Aim of the exercise -
Your answer must restate the listing below word for word and contain no images.

Given data -
>>>>>
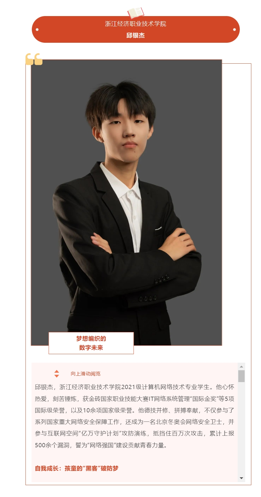 【教育之江】为优秀的他们点赞!一起来听听“浙”些大学生的故事 近日,《教育之江》刊文报道我校数字信息技术学院2021级S602121网络班邱银杰同学斩获浙江省普通高职高专院校国家奖学金特别评审。媒体链接:https://mp.weixin.qq.com/s?__biz=MzAxMDAwMzU1Nw==&mid=2651376835&idx=1&sn=70630a6eb898ed47a0a7448b75c6abc7编辑:房栋
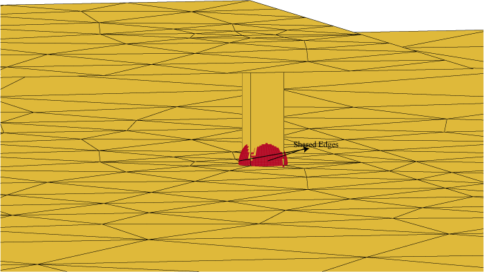Рассмотрим приведенную выше сетку для уложенной в стопку патч-антенны с твердотельной квадратной моделью подачи. Увеличьте изображение модели подачи. Видно, что твердотельная квадратная подача имеет четыре ребра, соединенных с нулевой плоскостью. Эта модель подачи увеличивает число неизвестных, но пытается более точно представить геометрию подачи.
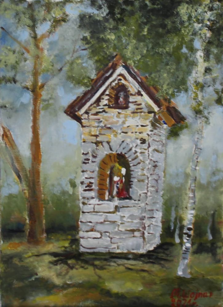 Harmonijna kompozycja cechuje również obrazy z elementem małej architektury - widoki kapliczek. Spośród prezentowanych prac Małgorzaty Wojnar wyróżnia je odmienne traktowanie szczegółów, co jest raczej oczywiste w przypadku obiektów architektury: o ich wyglądzie decydują linie proste, detale konstrukcyjne i wyodrębnienie z otoczenia. Nie każdy malarz, kierujący się głównie wyobraźnią i rzadko malujący z natury, sprosta temu zadaniu. Małgorzata Wojnar przyznaje, że wiele jej obrazów, także przedstawiających kapliczki, powstało „z pamięci” i nie można traktować ich jako fotograficznie wierne odwzorowanie rzeczywistości. Jest to całkowicie zrozumiałe w przypadku dzieła malarskiego, szczególnie ukazującego obiekt o charakterze sakralnym. Dlatego na podstawie prezentowanych obrazów kapliczek potrafimy określić typ budowli, szczegóły konstrukcji, rodzaj pokrycia czy fakturę muru. Widzimy kapliczki w ich otoczeniu, związane z nim grą światła i kolorów. Nie ma tu jednak zbędnych dekoracji, przyciągających wzrok, ale i odciągających uwagę od sedna wymowy obrazu kapliczki jako zmaterializowanej formy wiary, dziękczynienia, modlitwy, intencji.
<<<<<
Output below -
 【教育之江】为优秀的他们点赞!一起来听听“浙”些大学生的故事 近日,《教育之江》刊文报道我校数字信息技术学院2021级S602121网络班邱银杰同学斩获浙江省普通高职高专院校国家奖学金特别评审。媒体链接:https://mp.weixin.qq.com/s?__biz=MzAxMDAwMzU1Nw==&mid=2651376835&idx=1&sn=70630a6eb898ed47a0a7448b75c6abc7编辑:房栋
Рассмотрим приведенную выше сетку для уложенной в стопку патч-антенны с твердотельной квадратной моделью подачи. Увеличьте изображение модели подачи. Видно, что твердотельная квадратная подача имеет четыре ребра, соединенных с нулевой плоскостью. Эта модель подачи увеличивает число неизвестных, но пытается более точно представить геометрию подачи.
 Harmonijna kompozycja cechuje również obrazy z elementem małej architektury - widoki kapliczek. Spośród prezentowanych prac Małgorzaty Wojnar wyróżnia je odmienne traktowanie szczegółów, co jest raczej oczywiste w przypadku obiektów architektury: o ich wyglądzie decydują linie proste, detale konstrukcyjne i wyodrębnienie z otoczenia. Nie każdy malarz, kierujący się głównie wyobraźnią i rzadko malujący z natury, sprosta temu zadaniu. Małgorzata Wojnar przyznaje, że wiele jej obrazów, także przedstawiających kapliczki, powstało „z pamięci” i nie można traktować ich jako fotograficznie wierne odwzorowanie rzeczywistości. Jest to całkowicie zrozumiałe w przypadku dzieła malarskiego, szczególnie ukazującego obiekt o charakterze sakralnym. Dlatego na podstawie prezentowanych obrazów kapliczek potrafimy określić typ budowli, szczegóły konstrukcji, rodzaj pokrycia czy fakturę muru. Widzimy kapliczki w ich otoczeniu, związane z nim grą światła i kolorów. Nie ma tu jednak zbędnych dekoracji, przyciągających wzrok, ale i odciągających uwagę od sedna wymowy obrazu kapliczki jako zmaterializowanej formy wiary, dziękczynienia, modlitwy, intencji.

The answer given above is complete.